Catherine Wylde, president of Partnership for New York City, said in an interview that the letter had been in the works for about a month, as several companies of executives were preparing to bring some workers back to office.
“All these employers are committed to the city, they want to see economic recovery, but they are getting pushback from their employees, will the city be safe, will the city be clean,” Ms. Wield said.
A leader who signed the letter, Scott Reichler, chief executive of RXR Realty, placed the blame on Mr. De Blasio, who is in his second and final term.
“The problem right now is leadership,” Mr. Reichler said in an interview. “We need a strong leader to overcome these problems, to encourage people to feel comfortable coming back to the city.”
Another signatory to the letter, Douglas Durst, president of the Durst Organization, a prominent city landlord, said the city would have to close its budget deficit while maintaining the city’s services.
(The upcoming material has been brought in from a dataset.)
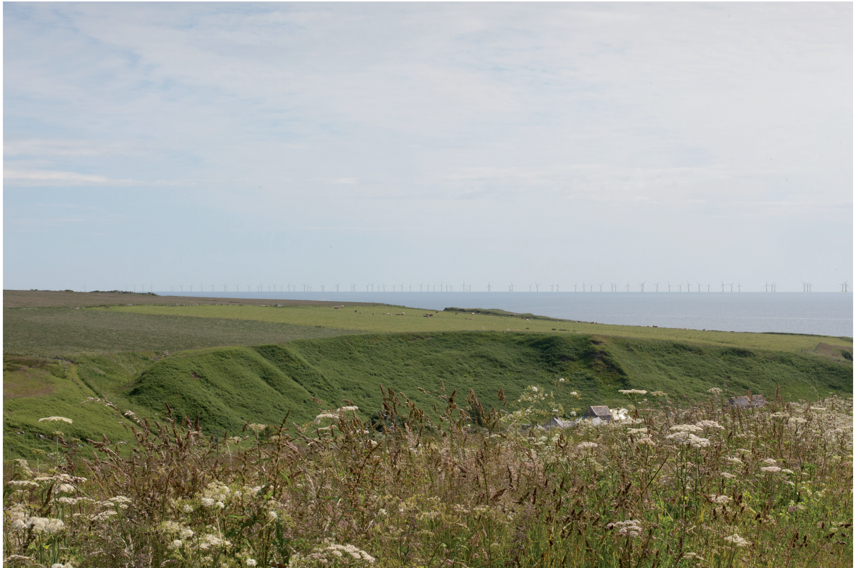
VIEWPOINT 9 - DUNBEATH (NR HERITAGE CENTRE)

“It is difficult to bridge this gap, but I think it would be helpful to bring it into the private sector that this is the best approach,” Mr. Durst said in an interview.
Michael Giannaris, a Democratic state senator from Queens, said it was better for business leaders to call for better city services without helping them pay through higher taxes on rich people.
“Where do they think this money comes from?” he said. “If these business leaders are calling for better sanitation, they should know that we have no money.”
Mr. de Blasio has often had a strained relationship with the business community and has repeatedly called for higher taxes on millionaires. Asked about the summer why he did not work more closely with business leaders, Mr. de Blasio quoted Karl Marx and disliked the annual Davos gathering of global parties.
“We will work with the business community, but the city government represents the people – the working people – and the mayor should not be too comfortable with the business community,” Mr. de Blasio said in a radio interview on WNYC said.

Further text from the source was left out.